After all these years together, I didn't know that Hellblazer could still surprise me, but damn... This week I just about fell in love all over again. I've been reading Hellblazer for so long, it started just in time to mesh with my own grouchy rebellion, and over the years it feels like it's grown with me. It's been so long that I can see now that I began to take it for granted, didn't really see it anymore, just assumed it would always be there every month, doggedly faithful and always available. Somehow this week, it turned around and did something entirely surprising, and reminded me why I love it.
It wasn't the kind of happiness that I get from the easy dalliances I have with sweet, limited series or perfectly self-contained graphic novels. That is the stuff of instant gratification. They are the reading equivalent of short, exciting, passionate affairs, where the excitement and allure can be easily maintained over a quick 12 or 24 issue runs. Monthly, ongoing comic book series' are different, and nothing has stuck around with the reliability of my monthly fix of Hellblazer. Taking it for granted as a book that can deliver something basically satisfying was so easy that I never appreciated it until it turned around and delighted me this month.
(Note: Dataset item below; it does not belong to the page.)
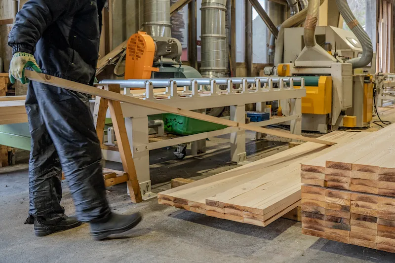 木材乾燥機による安定した品質管理。含水率を調整し、建築に適した状態に。
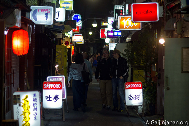 – parler le japonais: une bonne partie des établissements n’acceptent que les clients parlant le japonais, du fait de l’espace assez restreint et qu’il faille souvent être capable de communiquer avec le tenancier et les autres clients. Si vous ne parlez pas le japonais, vous trouverez les établissements qui acceptent les étrangers en repérant les signes en anglais disant « Foreigners Welcome ».

It's been easy to assume that Hellblazer will always be there, plodding away gently, reliable and decent, (if not incredible or truly exciting anymore.) About 10 years ago I wondered why it hadn't been canceled, and even went as far as to stop buying it for a few months. If I'm honest, something ugly was depicted, something crass and pointless and I tried to walk away. Of course I couldn't stay angry, not after 12 good years, and when Hellblazer caught my eye again, I had to spend a fair amount of time looking through back issues to find the issues I'd missed. There are still a couple of gaps, and those one or two missing issues remind me not to be so hasty next time, to remember the history I've enjoyed, to see the big picture.
So I'm committed to the comic book, just as I am to the medium, but inexplicably to this comic book in particular. Inexplicably because it really isn't my type, or at least I thought so anyway. At the beginning maybe, when I was an angry teenager and here Constantine was - the first British comic book hero created by my favorite British comic book writer. Flawed, confused, directionless, sneaky... at the time that all appealed to me, and I was beginning to wonder if I'd outgrown it a little. Obviously not enough to break it off, but enough to drift away, to pay less attention, to expect a lot less. Then Milligan and Bisley started working on Hellblazer, and I felt a gradual building of something good. I couldn't put my finger on what they were moving towards, but it felt right and good. This week they hit the bloody nail on the head.
Zombies, politics, anger, sex, violence, exorcism, love, and hate. This month's Hellblazer has got it all.
Milligan and Bisley have fun. They basically characterize the Tory government as a demon infestation, using classic slogans and the trappings of zombies and Nazis. Fetid and decrepit, we're encouraged to see these as the dying old guard, hanging on to the world with their fingernails while the spirit of anarchic punk fights against subversion and abuse.
Bisley draws us an incredibly beautiful young woman, with her perfectly round ass packed into vinyl pants, pawing at the contrast of a wrinkled, monolithic, middle-aged John Constantine. Despite his resplendent green mohawk, his girth and weariness betray a man long past the ineffectual teenage rebellion of his punk days. Bisley lets us see the way these trappings weigh on him, the pain he feels while acting out the tragedy of his past. It's sexy and cruel and even if it's an exhausting part of the job, it's also something John needs to do, to remember why he doesn't fight the system this way anymore.
These are the moments I read comic books for. Remembering the spirit of punk was a gift. Anarchy and rebellion are an act of love, or rather, hate is just the flip side of love. Why else put so much effort into the fight? The timing of this issue couldn't have been any better. Here we are, still shaken by the death of Malcolm Mclaren, and here's John, diving into his punk past with both eyes open. Mclaren might be dead, but with Hellblazer this month, Milligan and Bisley remind us that the fires of play and chaos still burn within us. The ability to truly shock and surprise was one of the bywords of the punk movement at it's inception, and the fact that it's all surface and gloss now has helped us forget that. But once upon a time punk was obscenely shocking, and Milligan uses John's memories to take us back to that time, and feel the raw pain of his 1979 self as Thatcher gripped the throat of Britain so tightly. Watching John delve into his past in order to exorcise his (and the worlds) literal and metaphorical demons is a delight. Simon Bisley does an incredible job of visually contrasting the pretty young version of Constantine with the imposing man he has become. Time and misadventure have scarred and hardened John, and the man he has become has the strength and will to transform his environment by channeling the anger that pained him so much as a young, fresh-faced, suicidal punk kid.